- В порядке, - ответила Эпплгейт, - мы ведём переговоры насчёт выставки в туалетах ИИК.
- Институту идея нравится, - добавил Пембертон. - Правда, они ломают головы, как охранять выставку, публика может заявить протест, если кабельные камеры безопасности будут снимать, как они облегчаются.
- ИИК хочет провести ретроспективу всех моих фильмов, - объявил Патель. - В следующем году. Я хочу представить новое кино в этом сезоне.
- То, про расизм и художественный истэблишмент? - захотела выяснить Пенни.
- Ага, - подтвердил Рамиш. - Рабочее название "Белая Ложь".
- Класс, класс! - включился Дон. - Или искусство будет критичным, или его не станет вообще!
- Чего? - зашипел Патель.
- Цитата из последнего манифеста "Эстетики и Сопротивления", из брошюры под названием "По ту сторону прекрасного"; - объяснила Эпплгейт. - Её напечатают в редакторской колонке в следующем выпуске "Журнала Нематериального Искусства".
- Я тут размышлял о вашем стиле работы, - признался Рамиш, - и хотя вам ещё надо заключить контракт с галереей, эти ваши статьи в художественных журналах уже сделали вам имя. Вы вдохновили меня взяться за карандаш и бумагу, чтобы заработать ещё немножко славы!
- Спасибо! - пропели в унисон Эпплгейт и Пембертон. - Это честь, получить такой комплимент от столь крупной звезды арт-сцены, как вы…
Разговор моментально прервался, когда официантка принесла Эстетике и Сопротивлению чай и приняла заказ у Пателя. Когда женщина ушла, трое друзей вновь обратили мысли в сторону мира искусства.
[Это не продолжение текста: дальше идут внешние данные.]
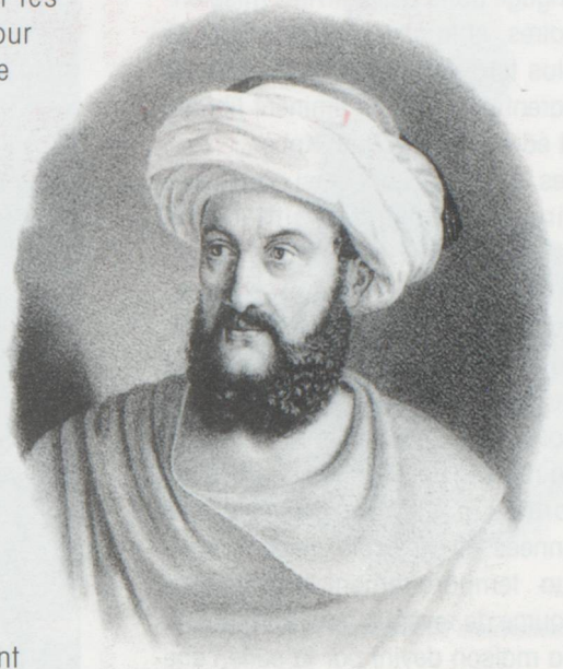
Johann Ludwig Burckhardt.

- Я сегодня пойду на открытие Карен Элиот, а потом побегу в Ист-Энд на тусовку Компьютерных Концептуалистов в "Галерею Элдгейт". Вы со мной? - поинтересовался Рамиш.
- Ага, - выпалил Дон. - Мы собираемся на Элиот во "Флиппер".
- У нас нет приглашения на вечеринку Компьютерных Концептуалистов, - пожаловалась Пенни. - А говорят, это новейший курс. Мы, конечно, можем просочиться внутрь, но это страшное свинство со стороны "Элдгейта" - выкинуть Эстетику и Сопротивление из списка рассылки. Думаю, они мстят за обзор на их Молодых Современников, который мы написали в "The Gallery Gazette".
- Но эта выставка и впрямь была отстойной! - заорал Патель. - Как тоталитарно - каждую выбранную работу поместить под герметичное стекло! Мне показалось, вы очень грамотно поддели этот факт. Обзор весьма меня позабавил.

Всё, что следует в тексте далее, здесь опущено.